Jess watched her for a good long while after she had fallen asleep. One arm was in lazy protection over her breasts, keeping the sheet in an impressively PG orientation.

She was _beautiful_, glowing and vibrant with a smile tugging her lips into the smallest of curls.

He longed to touch her more. He did not just _want_ it, he truly _longed for it_. After all, this was the last place he expected to be athe looked at the alarm clock1:19 in the morning. He had thought that, at best, he would be speeding the highway to get as far away from her stinging rejection as he could.

Yet, the rejection had failed to come. It had threatened to, crept around the edges of his mind and wound its words around her tongue.

"Come away with me."

__

"I..." she had tried to start. "Jess..." She had stared at him, blue eyes helpless and full of something - pity, or possibly despair.

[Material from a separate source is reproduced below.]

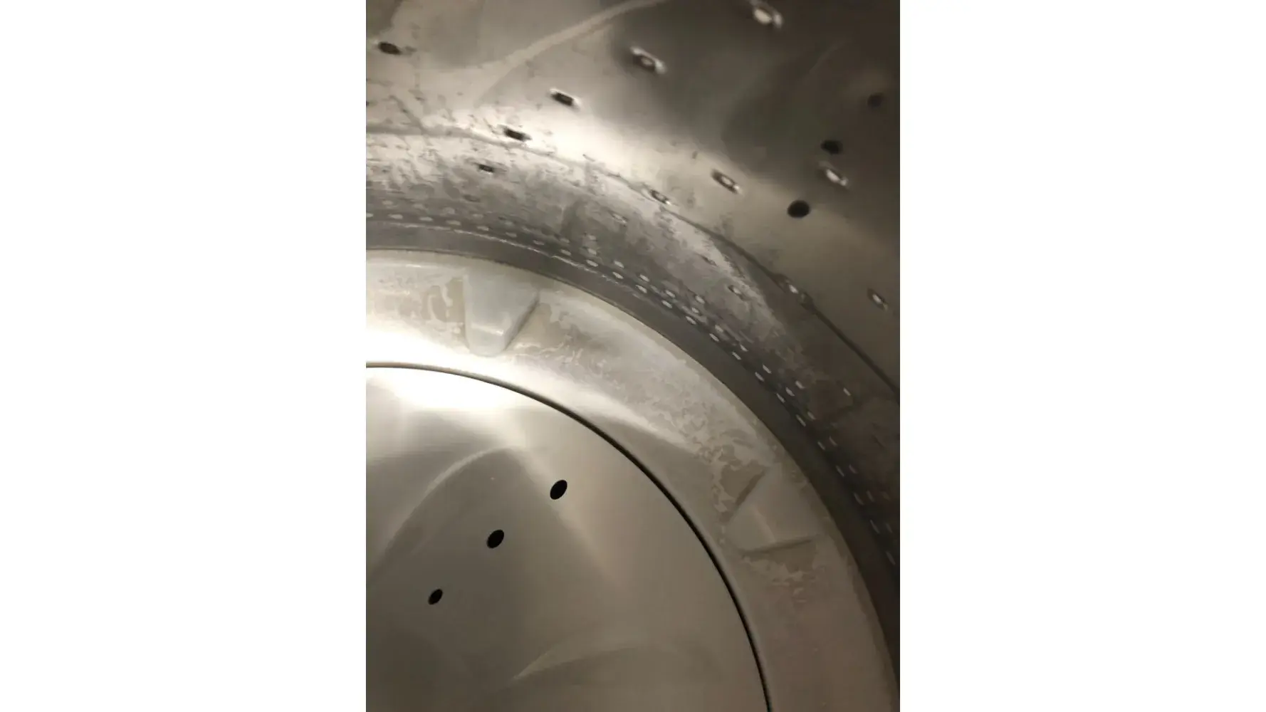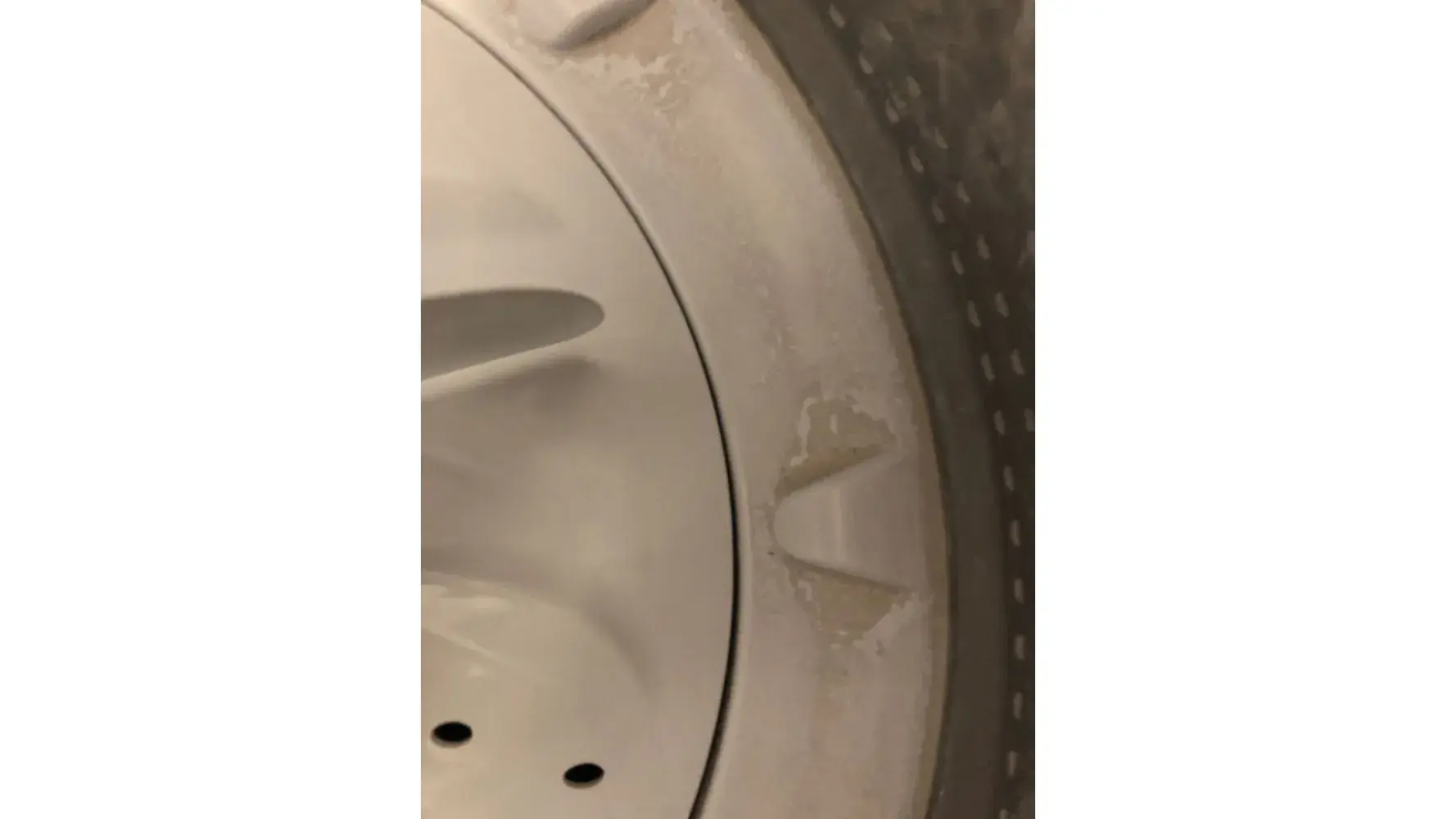 We purchased this from Costo in April 2021. After a year of use, we noticed that inside appeared to be dirty. We cleaned it with water and laundry soap. It has continued to degrade the inside tub is discolored, looks dirty, and is breaking down. We are empty nesters & the machine is used 4-5 times a week. There is no way the inside should be breaking down.

He had been clueless as how to react to that. He had expected a spitting refusal or a manic agreement. Anything in between, he had been entirely unprepared for.

Instead, she had been speechless, followed by excuses. The Dragonfly was test running soon, she had school, there was her mother to think about.

Before he could attempt to refute any one reason, she could pile on three more.

Then, her hand had been gripping the back of his neck and her arm had been around his shoulders and her lips had been fervent against his.

Being given time to think, while she slept with that smile on her face, he knew every right way to torture himself.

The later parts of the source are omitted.